Defendant's motion to dismiss is granted. Plaintiff's intentional infliction of emotional distress and invasion of privacy claims are barred by the statute of limitations. Plaintiff's negligent infliction of emotional distress claim fails to allege the necessary physical injury and thus fails to state a claim. Absent these common law claims, which if proven potentially could result in compensatory and punitive damages, plaintiff's Rehabilitation Act claim fails. Nonequitable damages are not available under § 504 of the Rehabilitation Act.

SO ORDERED.

NOTES

[1] Testing positive for the Human Immunodeficiency Virus, combined with symptoms of one or more associated ailments, is typically considered a sign of AIDSa viral disease involving the breakdown of the body's immune system. Hon. Charles R. Richey, Manual on Employment Discrimination and Civil Rights Actions in the Federal Courts (Federal Judicial Center) F1-18 (1988).

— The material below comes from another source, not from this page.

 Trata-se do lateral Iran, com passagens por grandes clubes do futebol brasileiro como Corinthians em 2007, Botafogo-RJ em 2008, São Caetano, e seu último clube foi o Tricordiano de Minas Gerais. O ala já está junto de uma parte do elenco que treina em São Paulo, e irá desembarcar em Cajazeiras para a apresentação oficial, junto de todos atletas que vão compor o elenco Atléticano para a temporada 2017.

[2] Plaintiff is proceeding pro se. Accordingly, the Court is reading his complaint as liberally and broadly as possible. See Haines v. Kerner, 404 U.S. 519, 92 S. Ct. 594, 30 L. Ed. 2d 652 (1972); Brandon v. District of Columbia Board of Parole, 823 F.2d 644 (D.C.Cir.1987).

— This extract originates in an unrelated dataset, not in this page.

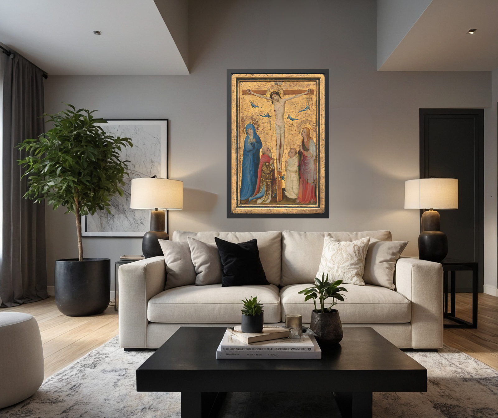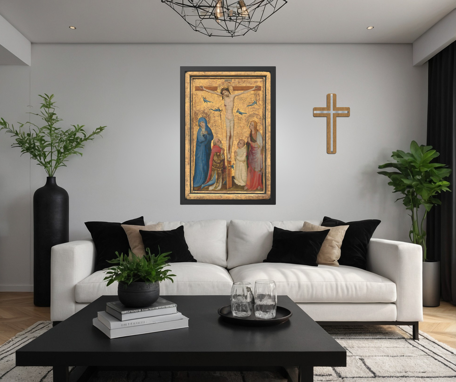 "The Crucifixion" – Renaissance Reproduction Product Description: Step back in time to the profound artistry of the 15th century with " The Crucifixion " by the Master of Saint Veronica. This Renaissance masterpiece captures the emotional depth of Christ nailed to the cross, surrounded by four figures at its base. The symbolic vertical composition reflects themes of Christianity and divine sacrifice, making it a timeless piece for art enthusiasts and those seeking inspiration through biblical artistry. Hypnotik Creations has meticulously reproduced this public domain artwork, ensuring that every detail of the original is preserved with exceptional clarity. Printed in HDR on premium 200 gsm semi-gloss photo paper , this reproduction showcases vivid colors and fine textures that bring the masterpiece to life. The state-of-the-art Mimaki UV Inks provide unparalleled brightness and durability, ensuring the print retains its brilliance for years. Encased in a hand-crafted black wooden frame , the design features a semi-wide, smooth finish that enhances the artwork's elegance while providing sturdy support. The clear Perspex (Plexiglas) insert cover is scratch- and shatterproof, offering superior protection without compromising visual clarity. Made in the USA from eco-friendly materials , including globally sourced and recycled components, this framed print reflects a commitment to sustainability. Delivered ready to hang , the framed artwork includes an enclosed back and a hanging kit for effortless installation. Each piece is custom-made after purchase, guaranteeing the newest condition for your display. Whether for a sacred space, study, or living area, " The Crucifixion " invites reflection and awe into any environment. Key Features: Timeless Renaissance Art: Features Christ on the cross surrounded by four symbolic figures, a profound biblical and symbolic depiction from the early 15th century. HDR Printing: Vivid, crisp colors printed on 200 gsm semi-gloss photo paper with advanced Mimaki UV Inks for a professional finish and lasting quality. Premium Frame: Hand-crafted black wooden frame with a semi-wide, smooth finish, paired with a scratch- and shatterproof Perspex (Plexiglas) cover. Eco-Friendly Materials: Made in the USA using globally sourced and recycled components, reflecting sustainable craftsmanship. Ready to Hang: Includes an enclosed back and a hanging kit, ensuring easy installation right out of the box. Durable and Easy to Maintain: Dust off gently with a clean, dry cloth to keep the artwork pristine. Made to Order: Custom-printed and framed after purchase, guaranteeing the newest condition for your display. Perfect For: Adding a touch of Renaissance elegance to sacred spaces, living rooms, or offices. Art collectors seeking meaningful biblical-themed masterpieces. Gifting to those who appreciate the beauty and symbolism of Christian art. Enhance your home or sacred space with the timeless beauty of " The Crucifixion " . Order now and bring the profound artistry of the Renaissance into your world with this expertly crafted reproduction! 4o

[3] Section 504 of the Rehabilitation Act of 1973 provides in pertinent part:

"No otherwise qualified individual with handicaps in the United States, as defined in section 706(8) of this title, shall, solely by reason of her or his handicap, be excluded from the participation in, be denied the benefits of, or be subjected to discrimination under any program or activity receiving Federal financial assistance...."

29 U.S.C. § 794.

[4] Section 12-301(8) applies both to personal injury torts not set out in § 12-301(4) and all other acts for which a limitation is not otherwise specially prescribed.

The Court also notes that using this limitation breeds consistency in Rehabilitation Act claims. Parties will not have to second-guess the Court as to which statute of limitations applies.